Si les conditions le permettent, le lancement de la fusée HANBIT-Nano, de la société sud-coréenne Innospace, est prévu le 17 décembre depuis la base d'Alcântara (CLA), dans l'État du Maranhão, au nord-est du Brésil. Il s'agit d'un événement historique puisque, pour la première fois dans l'histoire spatiale du Brésil, un lancement orbital sera réalisé à des fins commerciales. Jusqu'à présent, le géant latino-américain a déjà lancé des centaines de fusées suborbitales, c'est-à-dire qu'elles ne mettent pas de satellites en orbite terrestre, mais suivent plutôt une trajectoire parabolique et tombent généralement dans la mer.
Cette fois, cependant, grâce à un partenariat privé, le Brésil commence à mettre des satellites en orbite en utilisant la technologie des lanceurs de satellites, des fusées, considérée comme une étape fondamentale pour l'autonomie et la souveraineté nationales. L'événement est aussi l'occasion de réécrire l'histoire de la base d'Alcântara après la tragique explosion de 2003, lorsque le VLS-1 V03, le prototype de la fusée développée par le programme spatial brésilien pour mettre des satellites en orbite, a explosé trois jours avant le lancement. La fusée devait mettre en orbite le microsatellite scientifique SATEC, développé par l'agence spatiale nationale, et le nanosatellite UNOSAT, de l'Université du Nord Paraná. L'allumage accidentel d'un des moteurs du premier étage de la fusée a provoqué son explosion alors qu'il se trouvait encore dans la tour d'intégration. En huit secondes environ, la structure a été engloutie par des flammes et des gaz à plus de 3 000 °C. L'explosion a causé la mort de 21 ingénieurs et techniciens travaillant sur la rampe, faisant de cet événement la tragédie la plus grave du programme spatial brésilien.

C'est précisément sa position stratégique qui a également suscité l'intérêt de la Chine, qui souhaiterait lancer les prochains satellites du programme sino-brésilien CBERS (China-Brazil Earth Resources Satellite) à partir de là plutôt que depuis la base chinoise de Taiyuan.

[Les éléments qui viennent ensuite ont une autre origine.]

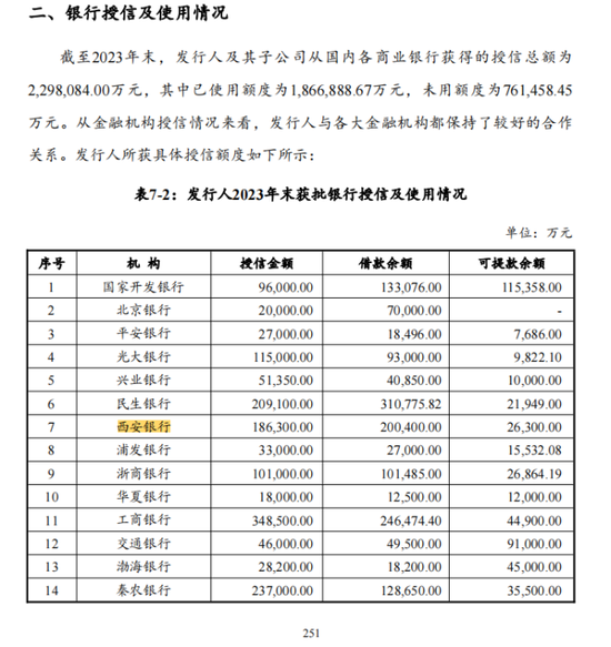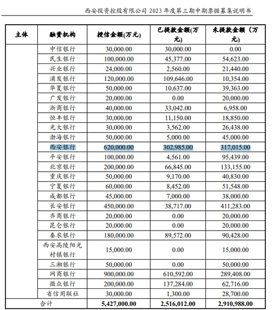 在西安银行第6大股东方西安城市基础设施建设投资集团有限公司的中票募集说明书中,作者发现,西安银行2023年底给予西安城市基础设施建设投资集团有限公司的授信额度共31亿元,不过虽然在去年底还未使用,但在今年一季度就已经给旗下子公司借款9.35亿元。

Il s'agit des satellites CBERS-6, dont le lancement est prévu en 2028 pour l'observation de la Terre en temps réel à la recherche de la déforestation et des incendies, et CBERS-5 en 2030, pour collecter des données météorologiques et climatiques. En échange de cette utilisation du territoire brésilien, Pékin s’est montré disposé à fournir gratuitement au gouvernement Lula un lot de chasseurs polyvalents modernes Chengdu J-10C. Cependant, la proposition a fait sourciller. Bien que les images satellite CBERS soient publiques et gratuites, le programme a déjà permis à la Chine, depuis 1999, avec le lancement de cinq satellites, de cartographier en détail les ressources naturelles brésiliennes, depuis les forêts jusqu'aux minéraux et à l'agriculture. L’utilisation de l’Alcântara pourrait encore accélérer ce processus, donnant à Pékin un avantage stratégique permanent sur le territoire, la déforestation, les incendies et les investissements en Amazonie et dans le reste du pays d’Amérique latine.
L'intérêt spatial de la Chine s'étend également au télescope Bingo, qui deviendra bientôt opérationnel dans l'État de Paraíba, au nord-est du Brésil. Bien qu’il s’agisse d’une initiative scientifique civile, la participation de la société chinoise CETC (China Electronics Technology Group Corporation) représente un risque pour la sécurité. Le CETC est un conglomérat d'État chinois connu pour sa stratégie de double usage (civil-militaire) et est directement lié à l'Armée populaire de libération (APL). Il est sous observation internationale car il produit des technologies avancées de surveillance de masse, de guerre électronique et d’espionnage informatique. Plusieurs gouvernements, dont l'Australie et le Japon, et des universités ont déjà limité ou interdit la collaboration avec le CETC, précisément en raison des risques associés à ses technologies à double usage.